Der Suzuki Swift Plug-in.
Im Oktober 2009 wurde der Suzuki Swift Plug-in-Hybrid auf der Tokyo Motor Show vorgestellt und überzeugte das internationale Publikum auf der ganzen Linie. Kurze Strecken von bis zu 20 Kilometern Länge können im Swift Plug-in Hybrid rein elektrisch gefahren werden. Damit deckt er vor allem in Ballungsgebieten und Großstädten bereits viele Fahrten zur Arbeit oder zum Einkaufen ab.
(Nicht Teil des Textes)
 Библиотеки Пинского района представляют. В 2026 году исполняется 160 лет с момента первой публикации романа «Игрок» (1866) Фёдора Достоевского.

Der Elektromotor des Swift Plug-In Hybrid leistet maximal 55 kW und bezieht die benötigte Energie aus einer modernen Lithium-Ionen-Batterie, die Platz sparend in der Mittelkonsole untergebracht ist. Der Generator des Swift wird von einem Dreizylinder-Benzinmotor mit 660 cm3 Hubraum und einer maximalen Leistung von 40 kW angetrieben, der auch in vielen japanischen Kei-Cars zum Einsatz kommt. Dieses Technik-Konzept ermöglicht es, dass der Swift Plug-in Hybrid nicht nur für Kurzstreckenfahrten geeignet ist.
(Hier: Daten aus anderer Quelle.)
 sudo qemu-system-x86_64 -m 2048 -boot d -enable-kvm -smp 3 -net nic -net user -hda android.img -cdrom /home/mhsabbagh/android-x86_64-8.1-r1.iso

Impressionen vom Suzuki Swift Plug-in.
Audi e-tron Technologie.
Die Audi e-tron Technologie ist nicht einfach nur ein Elektromotor, sondern vielschichtig und ganzheitlich zukunftsorientiert. Sie kombiniert die Leichtbaukomptenz der Marke Audi mit innovativen Assistenzsystemen - und einem Antriebsstrang, der die individuellen Bedürfnisse der Audi Fahrerinnen und Fahrer in jedem Audi e-tron in den Vordergrund stellt.
Der Audi A1 e-tron. Emissonsfrei in der Stadt.
Der A1 e-tron präsentiert sich als kompaktes Elektroauto in der Premium-Klasse. Für emissionsfreie Fahrten bietet er einen kräftigen Elektromotor bereit. Zusätzlich ist ein Verbrennungsmotor an Bord, der die Batterie im Ausnahmefall nachlädt. Dank der Spitzenleistung seiner E-Maschine von 75 kW (102 PS) fährt sich der A1 e-tron überaus agil. Das viersitzige, zweitürige Stadtauto ist speziell für den täglichen Einsatz in Ballungsräumen konzipiert. Das sportliche Design und die 18-Zoll-Räder unterstreichen den "Vorsprung durch Technik", der auch bei der e-tron Reihe gelebt wird.
Dass er nicht nur für Stadtfahrten geeignet ist, zeigte der Audi A1 e-tron erst kürzlich bei der Silvretta E-Auto. Bei dieser Really nehmen ausschließlich Elektrofahrzeuge teil. Der A1 e-tron konnte dieses Rennen souverän vor der Konkurrenz gewinnen.